From the material below, copy exactly the lines beginning with the one that contains "Barstool with upholstered" and ending with the one that contains "AFP PHOTO/Lillian Suwanrumpha"; the pictures stay out.

→ Data for processing:
--------------------

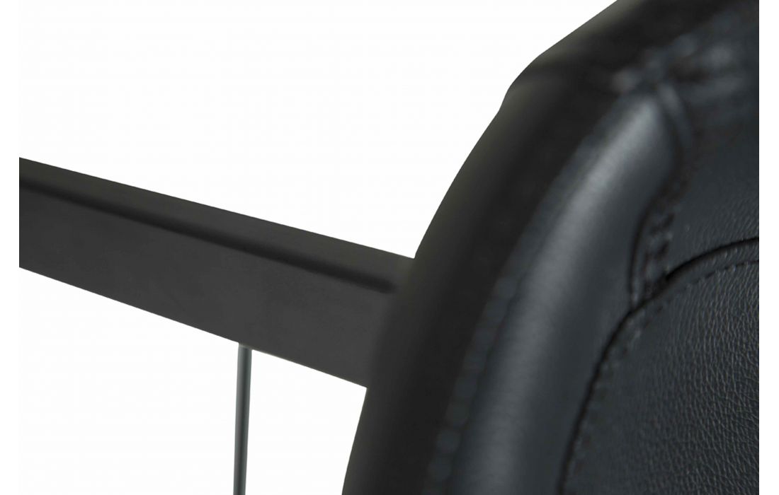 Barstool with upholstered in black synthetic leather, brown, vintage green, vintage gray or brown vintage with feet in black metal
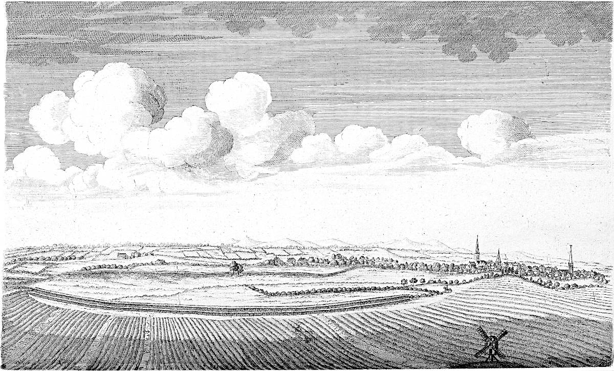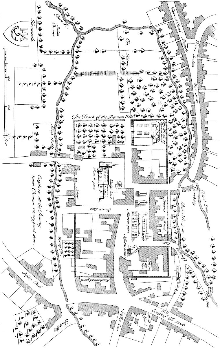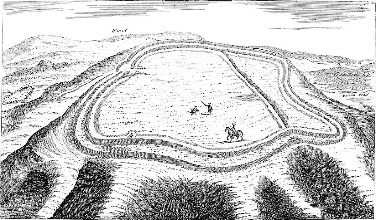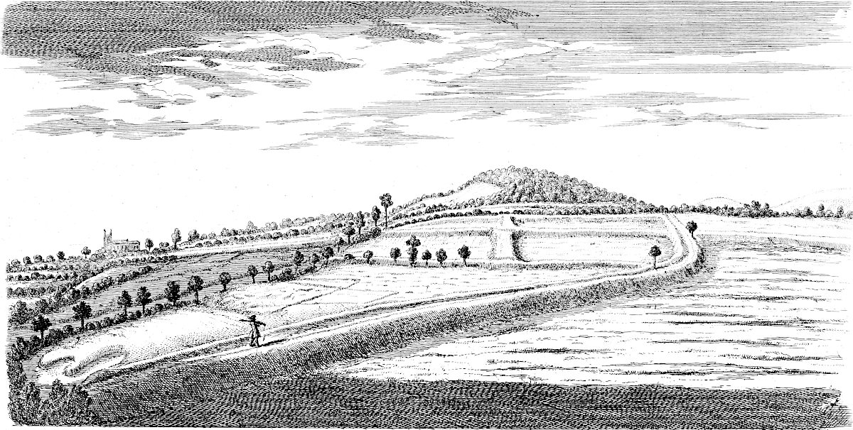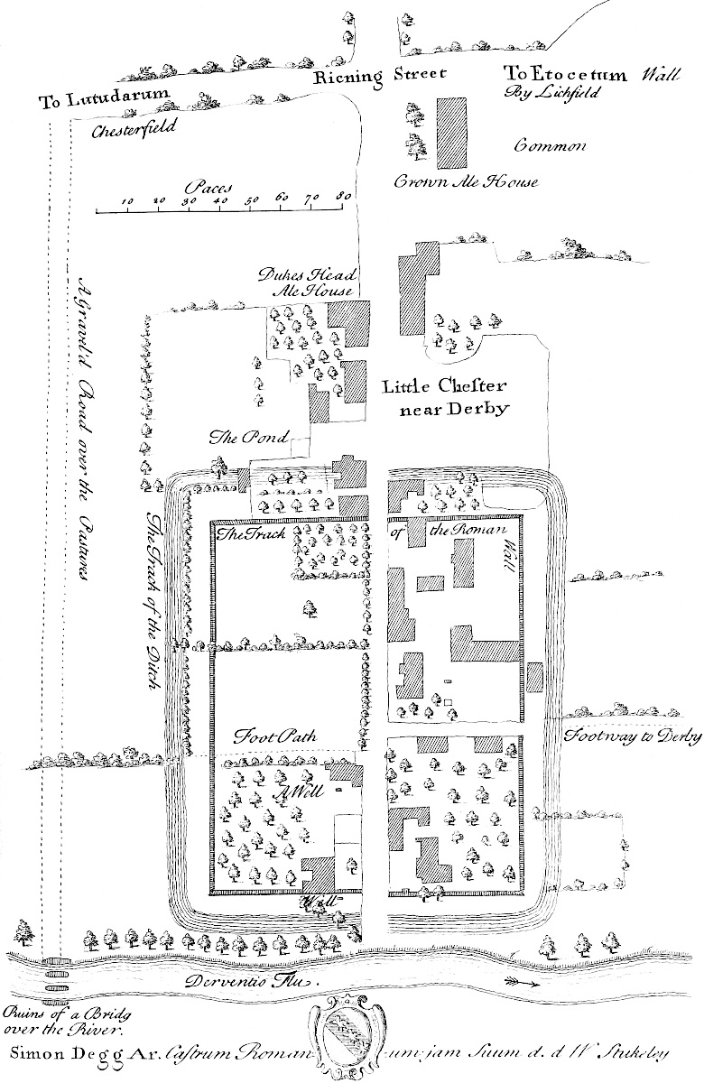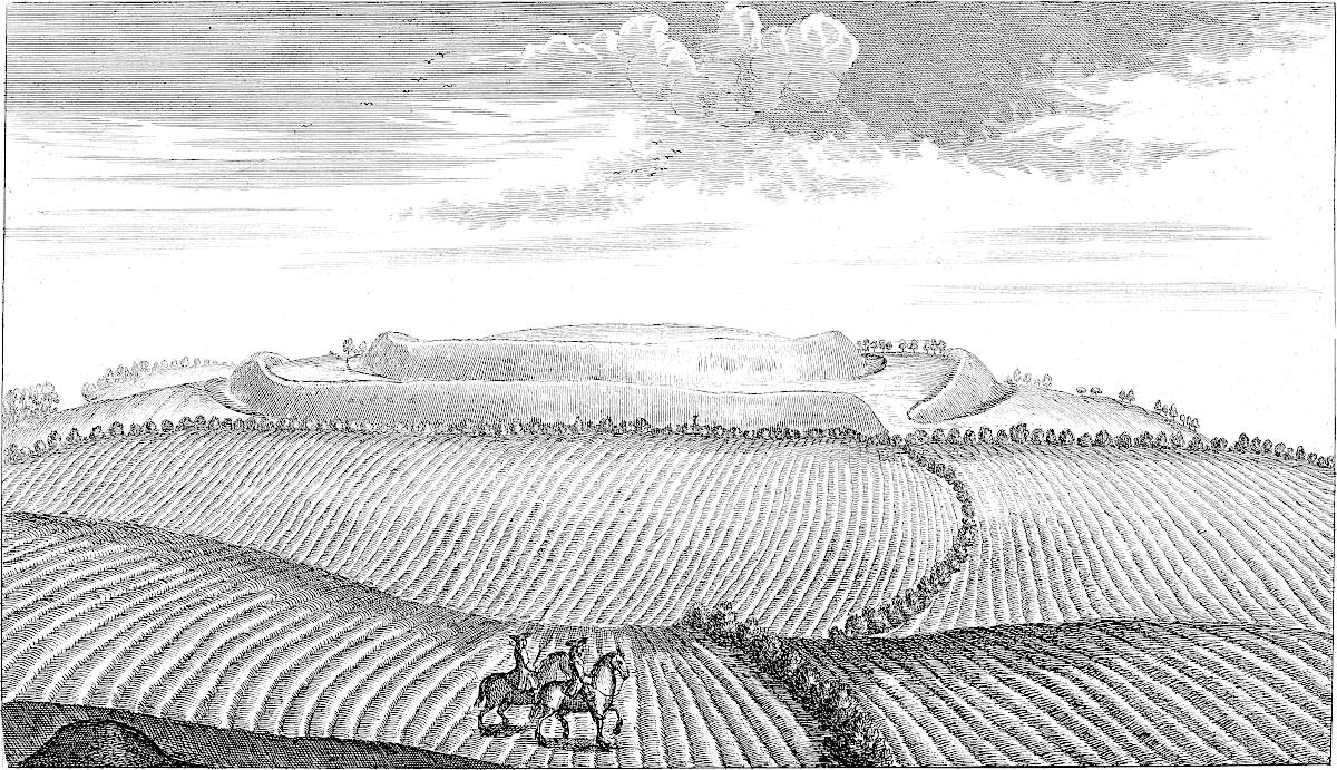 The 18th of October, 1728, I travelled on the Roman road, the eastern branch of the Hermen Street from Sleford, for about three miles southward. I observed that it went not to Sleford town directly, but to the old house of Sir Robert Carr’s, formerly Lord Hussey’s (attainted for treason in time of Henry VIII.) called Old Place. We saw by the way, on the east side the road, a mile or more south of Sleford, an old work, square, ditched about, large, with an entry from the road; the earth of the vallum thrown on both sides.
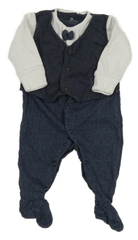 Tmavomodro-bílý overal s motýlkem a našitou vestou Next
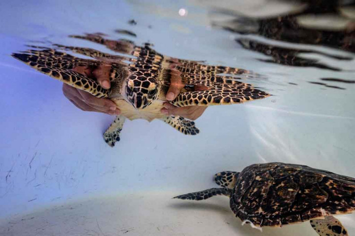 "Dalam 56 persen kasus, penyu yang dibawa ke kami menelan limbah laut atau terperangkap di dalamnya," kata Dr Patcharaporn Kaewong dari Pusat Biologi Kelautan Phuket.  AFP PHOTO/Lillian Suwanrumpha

--------------------

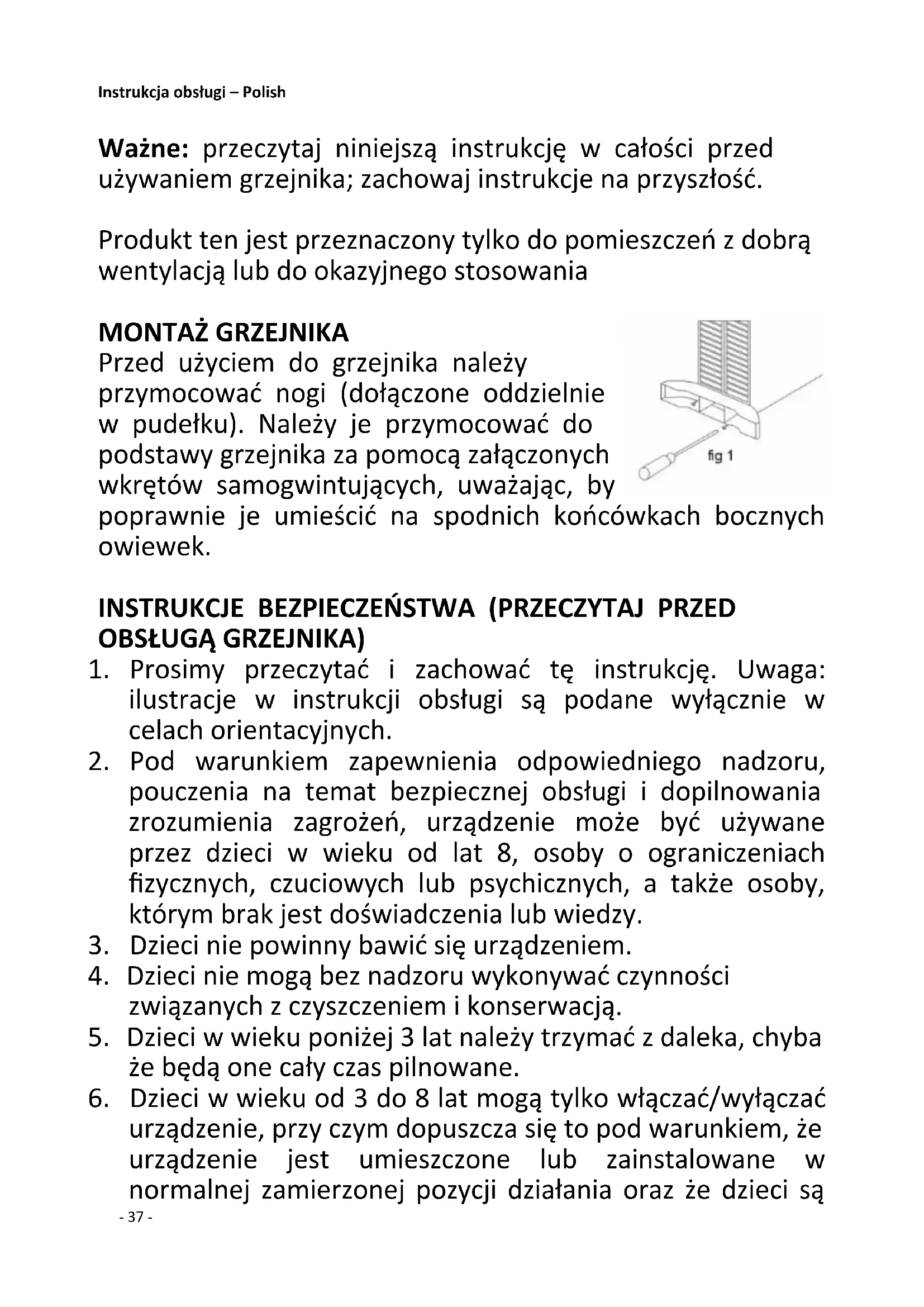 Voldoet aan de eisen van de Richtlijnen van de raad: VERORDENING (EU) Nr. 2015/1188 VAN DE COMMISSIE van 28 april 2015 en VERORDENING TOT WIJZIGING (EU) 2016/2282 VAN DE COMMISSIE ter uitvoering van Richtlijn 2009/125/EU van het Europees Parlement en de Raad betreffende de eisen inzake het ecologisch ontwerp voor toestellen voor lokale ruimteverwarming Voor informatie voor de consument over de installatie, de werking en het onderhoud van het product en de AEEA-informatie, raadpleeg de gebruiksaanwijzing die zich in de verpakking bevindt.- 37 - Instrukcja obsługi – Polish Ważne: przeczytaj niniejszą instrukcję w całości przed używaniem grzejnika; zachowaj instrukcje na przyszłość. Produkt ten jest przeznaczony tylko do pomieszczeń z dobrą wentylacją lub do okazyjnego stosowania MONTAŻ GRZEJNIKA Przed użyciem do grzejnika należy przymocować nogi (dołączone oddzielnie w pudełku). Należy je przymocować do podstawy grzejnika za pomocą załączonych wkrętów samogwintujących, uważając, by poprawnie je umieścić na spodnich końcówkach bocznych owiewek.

--------------------

→ Solved problem:
 Barstool with upholstered in black synthetic leather, brown, vintage green, vintage gray or brown vintage with feet in black metal
 The 18th of October, 1728, I travelled on the Roman road, the eastern branch of the Hermen Street from Sleford, for about three miles southward. I observed that it went not to Sleford town directly, but to the old house of Sir Robert Carr’s, formerly Lord Hussey’s (attainted for treason in time of Henry VIII.) called Old Place. We saw by the way, on the east side the road, a mile or more south of Sleford, an old work, square, ditched about, large, with an entry from the road; the earth of the vallum thrown on both sides.
 Tmavomodro-bílý overal s motýlkem a našitou vestou Next
 "Dalam 56 persen kasus, penyu yang dibawa ke kami menelan limbah laut atau terperangkap di dalamnya," kata Dr Patcharaporn Kaewong dari Pusat Biologi Kelautan Phuket.  AFP PHOTO/Lillian Suwanrumpha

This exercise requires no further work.